EXERCISE DATA =
-=-=-=-=-
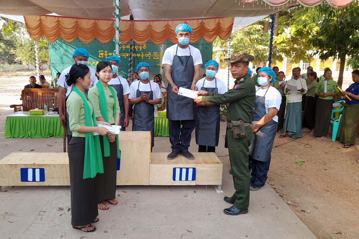 ယင်းနောက် ဆုပေးပွဲကိုဆက်လက် ကျင်းပရာ ပထမဆုကို စက်မှုအားမာန်အသင်း၊ ဒုတိယဆုကို ကုမုဒြာအသင်း၊ တတိယဆုကို ရဲဇာနည်အသင်းတို့က ရရှိခဲ့ကြပြီး၊ ပထမဆု ငွေကျပ် ၄ သိန်း၊ ဒုတိယဆု ငွေကျပ် ၃ သိန်း၊ တတိယဆု ငွေကျပ် ၂ သိန်းနှင့် ကျန် နှစ်သိမ့်ဆု ၉ ဆုအတွက် တစ်ဆုလျင် ငွေကျပ် တစ်သိန်း စီတို့ကို မြို့နယ်စီမံခန့်ခွဲရေးနှင့်အုပ်ချုပ်ရေးကော်မတီဥက္ကဋ္ဌနှင့် အဖွဲ့ဝင်များ၊ ဌာနဆိုင်ရာတာဝန်ရှိသူများက ပေးအပ်ချီးမြှင့်ခဲ့ကြပြီး အခမ်းအနားကို ရုပ်သိမ်းလိုက်သည်။ အဆိုပါအခမ်းအနားသို့ ဌာနဆိုင်ရာဝန်ထမ်းများ၊ကျောင်းသား/ကျောင်းသူများနှင့် ရပ်ကွက်ပြည်သူများ စုစုပေါင်းအင်အား ၈၅၀ ဦးခန့် တက်ရောက်ခဲ့ကြကြောင်း သိရသည်။
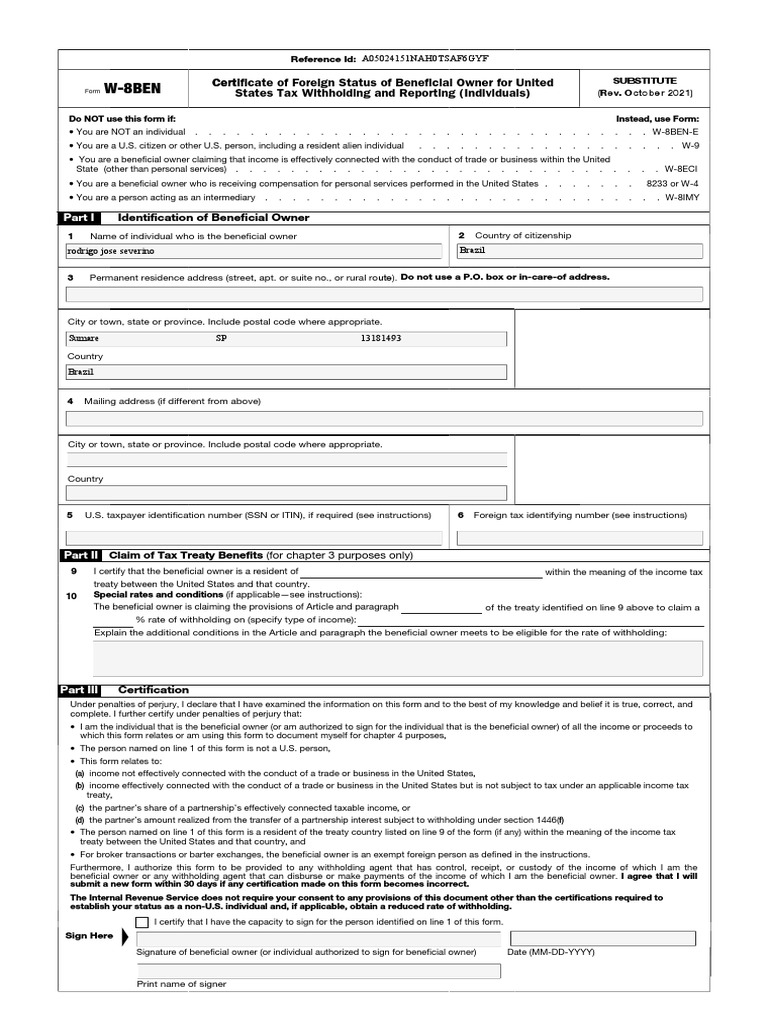 Form W-8BEN States Tax Withholding and Reporting (Individuals) (Rev. October 2021)
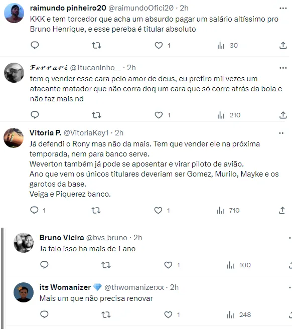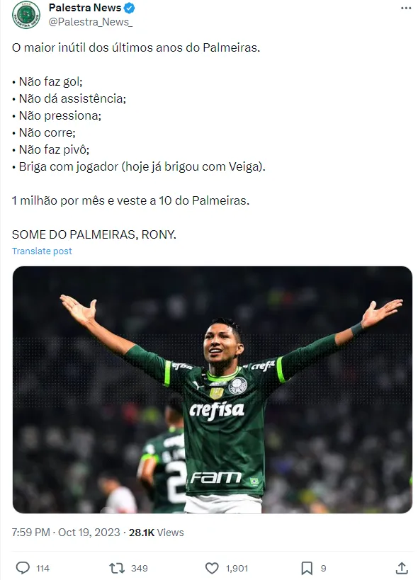 Dessa forma, a torcida do Palmeiras expressou sua frustração com os titulares, especialmente com o camisa 10, Rony, que tem enfrentado um período de escassez de gols, e perdendo muitas oportunidades durantes os últimos jogos.
-=-=-=-=-
WHAT THE EXERCISE ASKS = Return the listing verbatim, pictures omitted.

RESPONSE BELOW =
 ယင်းနောက် ဆုပေးပွဲကိုဆက်လက် ကျင်းပရာ ပထမဆုကို စက်မှုအားမာန်အသင်း၊ ဒုတိယဆုကို ကုမုဒြာအသင်း၊ တတိယဆုကို ရဲဇာနည်အသင်းတို့က ရရှိခဲ့ကြပြီး၊ ပထမဆု ငွေကျပ် ၄ သိန်း၊ ဒုတိယဆု ငွေကျပ် ၃ သိန်း၊ တတိယဆု ငွေကျပ် ၂ သိန်းနှင့် ကျန် နှစ်သိမ့်ဆု ၉ ဆုအတွက် တစ်ဆုလျင် ငွေကျပ် တစ်သိန်း စီတို့ကို မြို့နယ်စီမံခန့်ခွဲရေးနှင့်အုပ်ချုပ်ရေးကော်မတီဥက္ကဋ္ဌနှင့် အဖွဲ့ဝင်များ၊ ဌာနဆိုင်ရာတာဝန်ရှိသူများက ပေးအပ်ချီးမြှင့်ခဲ့ကြပြီး အခမ်းအနားကို ရုပ်သိမ်းလိုက်သည်။ အဆိုပါအခမ်းအနားသို့ ဌာနဆိုင်ရာဝန်ထမ်းများ၊ကျောင်းသား/ကျောင်းသူများနှင့် ရပ်ကွက်ပြည်သူများ စုစုပေါင်းအင်အား ၈၅၀ ဦးခန့် တက်ရောက်ခဲ့ကြကြောင်း သိရသည်။
 Form W-8BEN States Tax Withholding and Reporting (Individuals) (Rev. October 2021)
 Dessa forma, a torcida do Palmeiras expressou sua frustração com os titulares, especialmente com o camisa 10, Rony, que tem enfrentado um período de escassez de gols, e perdendo muitas oportunidades durantes os últimos jogos.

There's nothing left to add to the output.